TASK DETAILS: A faithful transcription is wanted of the lines from the top of the material through the line that holds "5~5.5 千瓦时,南方环礁每年大约 2700", both ends included, leaving out the pictures.

INPUT DATA:

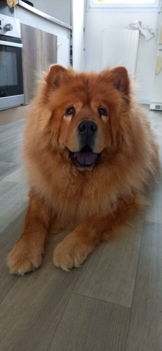 Je n’ai pas franchi le pas de la toiletter car elle craint le pulseur. Elle a été brossée, on lui a lavé les fesses (diarrhée oblige) et coupé les poils du derrière par mesure d’hygiène. On la frictionne à la serviette quand il pleut. Elle n’aime pas l’huile de coco mais je lui badigeonne sa pauvre petite queue déplumée. C’est surtout l’allure qui a changé : elle a redressé sa tête et observe fièrement l’environnement avec un visage doux et détendu. Fière comme un chow, quoi ! Et elle reste proche de nous dans la maison.
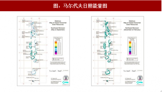 非季风期马尔代夫太阳能资源丰富,与风力形成季节性互补。阳光是马尔代夫气候的主要特色,年平均每日每平方米水平照射能量为 5~5.5 千瓦时,南方环礁每年大约 2700 小时受阳光照射。综合考虑马尔代夫风能和太阳能的季节性特征,可以发现二者相辅相成:季风期,日照水平较低而风能较强;非季风期正好相反。因而,互补利用这两种可再生能源,可以解决任一能源的季节性短缺问题。
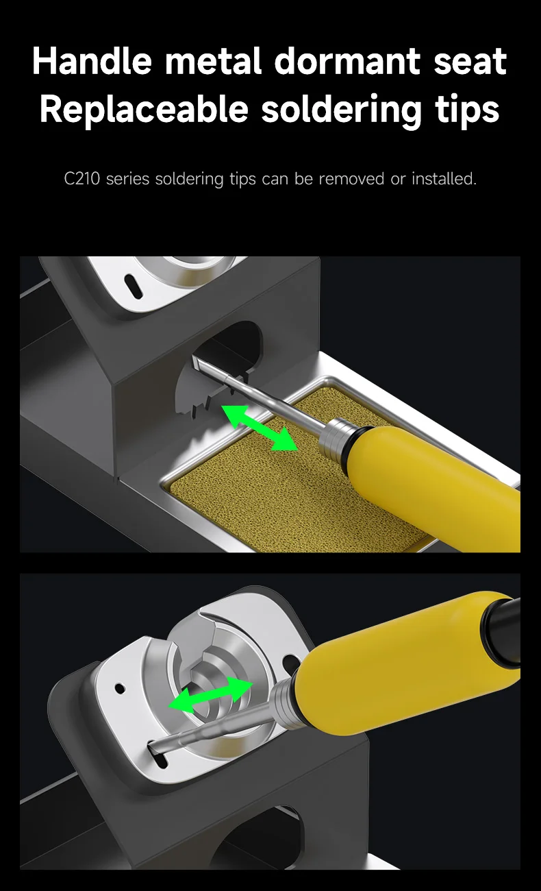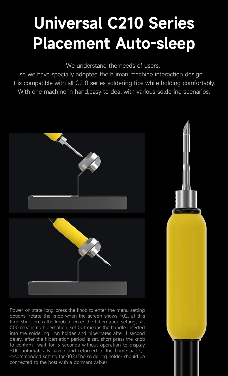 - Universal C210 series, placement auto-sleep, adopted the human-machine interaction design, it is compatible with all C210 series soldering tips while holding comfortably, with one machine in hand, easy to deal with various soldering scenarios
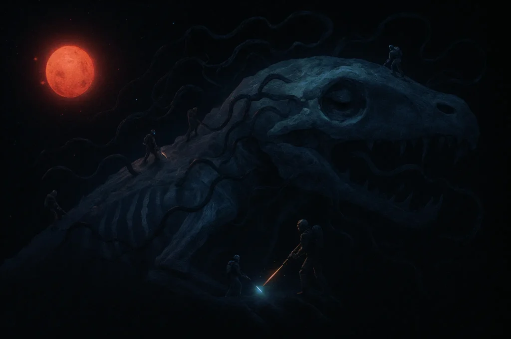 Los cadáveres de la creación, los Ylidheem, son despojados de hierro meteórico y “rocas lunares”, planteando preguntas sobre el mismísimo tejido del cosmos (Crédito: Kenomitian).

YOUR RESPONSE:
 Je n’ai pas franchi le pas de la toiletter car elle craint le pulseur. Elle a été brossée, on lui a lavé les fesses (diarrhée oblige) et coupé les poils du derrière par mesure d’hygiène. On la frictionne à la serviette quand il pleut. Elle n’aime pas l’huile de coco mais je lui badigeonne sa pauvre petite queue déplumée. C’est surtout l’allure qui a changé : elle a redressé sa tête et observe fièrement l’environnement avec un visage doux et détendu. Fière comme un chow, quoi ! Et elle reste proche de nous dans la maison.
 非季风期马尔代夫太阳能资源丰富,与风力形成季节性互补。阳光是马尔代夫气候的主要特色,年平均每日每平方米水平照射能量为 5~5.5 千瓦时,南方环礁每年大约 2700 小时受阳光照射。综合考虑马尔代夫风能和太阳能的季节性特征,可以发现二者相辅相成:季风期,日照水平较低而风能较强;非季风期正好相反。因而,互补利用这两种可再生能源,可以解决任一能源的季节性短缺问题。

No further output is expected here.